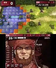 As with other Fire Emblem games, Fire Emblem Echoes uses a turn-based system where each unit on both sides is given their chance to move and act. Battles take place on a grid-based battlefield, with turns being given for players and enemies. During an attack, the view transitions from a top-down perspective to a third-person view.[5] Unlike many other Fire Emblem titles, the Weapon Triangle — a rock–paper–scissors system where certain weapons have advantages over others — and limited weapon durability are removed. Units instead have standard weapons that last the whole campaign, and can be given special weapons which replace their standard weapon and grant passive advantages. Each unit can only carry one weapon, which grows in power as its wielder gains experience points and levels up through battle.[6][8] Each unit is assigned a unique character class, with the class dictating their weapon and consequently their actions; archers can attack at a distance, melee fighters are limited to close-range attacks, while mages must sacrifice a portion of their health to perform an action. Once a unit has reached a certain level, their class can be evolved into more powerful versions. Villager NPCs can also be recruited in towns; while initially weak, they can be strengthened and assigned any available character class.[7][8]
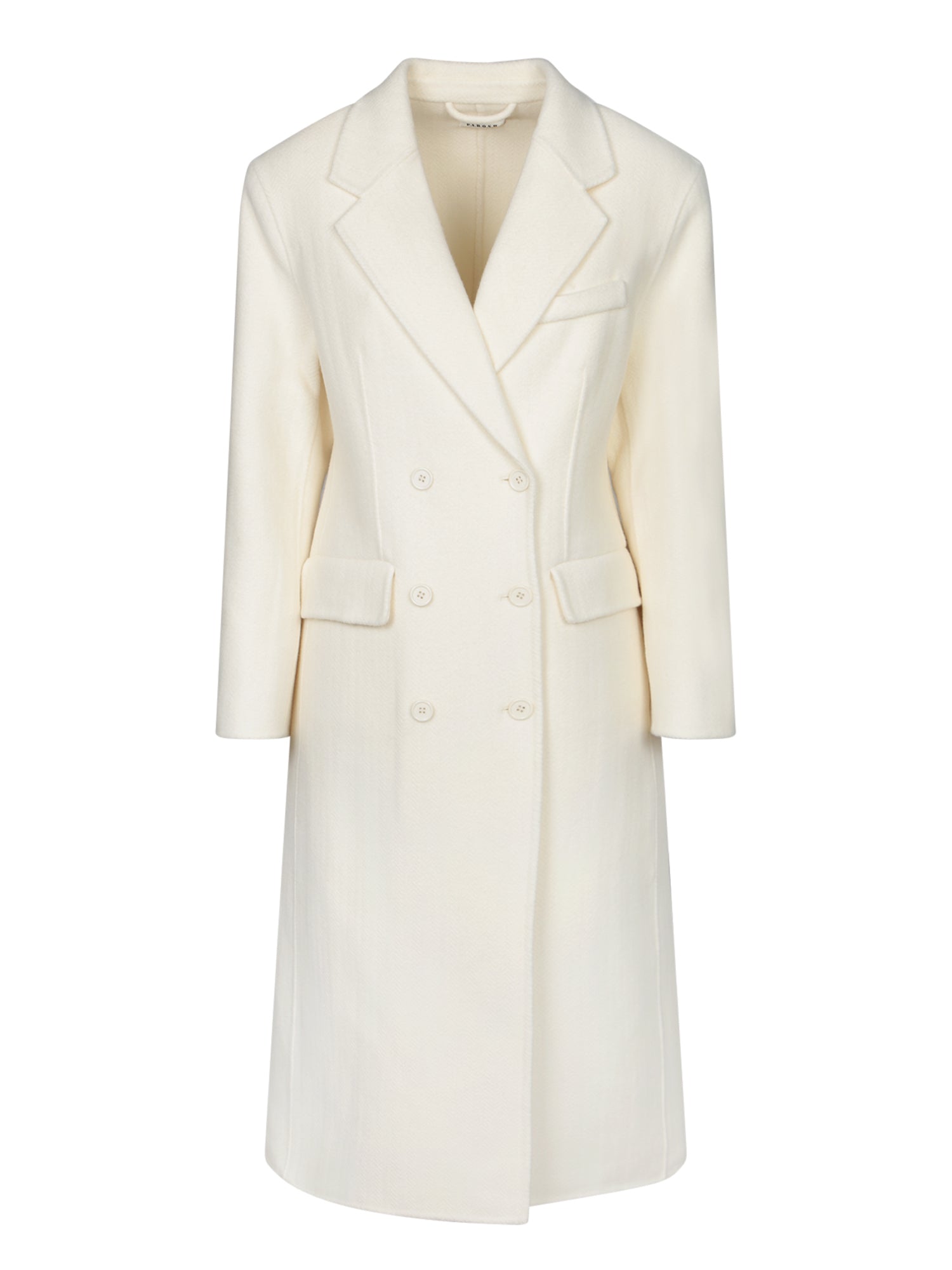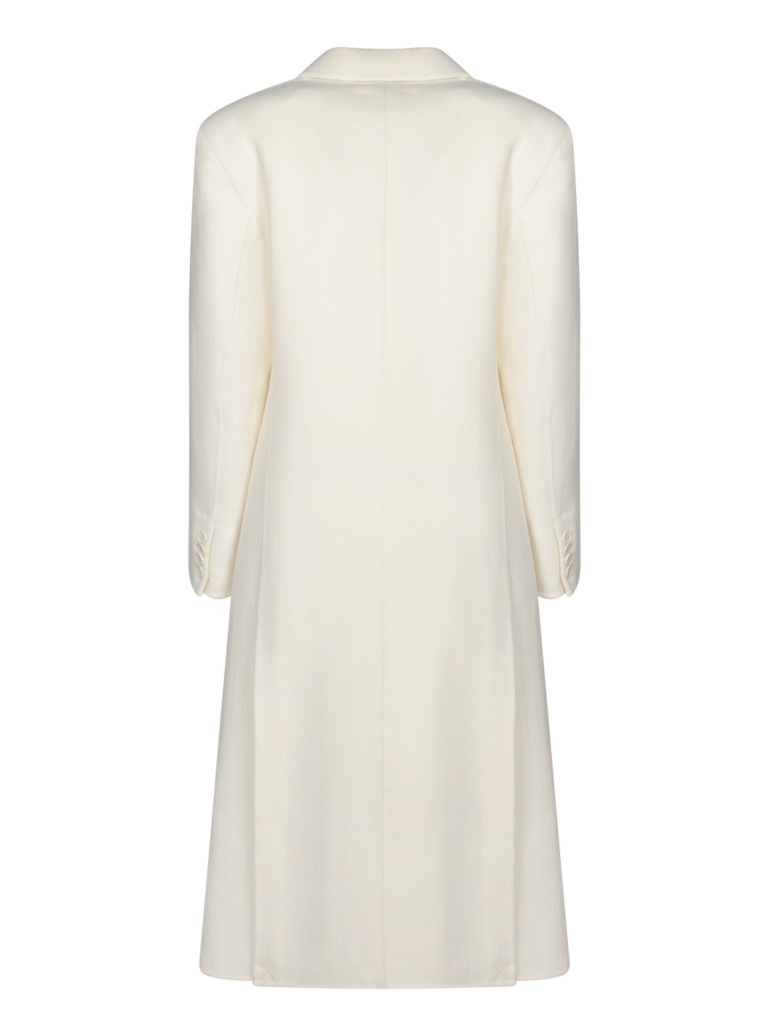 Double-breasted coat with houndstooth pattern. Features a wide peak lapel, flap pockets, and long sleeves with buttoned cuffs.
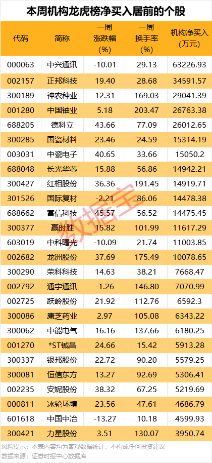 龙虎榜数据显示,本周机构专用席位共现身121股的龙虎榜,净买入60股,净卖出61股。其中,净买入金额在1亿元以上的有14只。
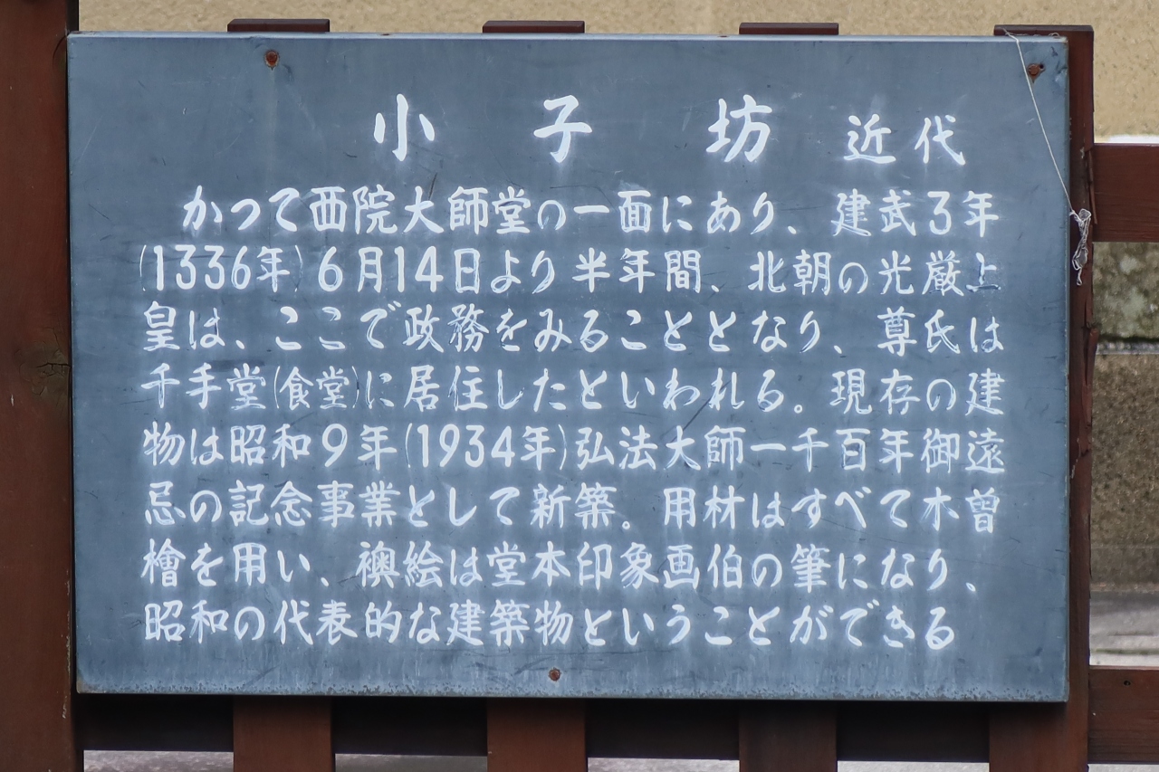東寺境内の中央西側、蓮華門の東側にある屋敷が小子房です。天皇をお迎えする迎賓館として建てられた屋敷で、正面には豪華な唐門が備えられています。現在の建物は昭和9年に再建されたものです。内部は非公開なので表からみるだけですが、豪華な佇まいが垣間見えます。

***

__Task goal__. All lines from the line with "龙虎榜数据显示,本周机构专用" through the final line of the data, both included, are to be repeated exactly; no other lines and no pictures.

__Answer to the problem__.
 龙虎榜数据显示,本周机构专用席位共现身121股的龙虎榜,净买入60股,净卖出61股。其中,净买入金额在1亿元以上的有14只。
東寺境内の中央西側、蓮華門の東側にある屋敷が小子房です。天皇をお迎えする迎賓館として建てられた屋敷で、正面には豪華な唐門が備えられています。現在の建物は昭和9年に再建されたものです。内部は非公開なので表からみるだけですが、豪華な佇まいが垣間見えます。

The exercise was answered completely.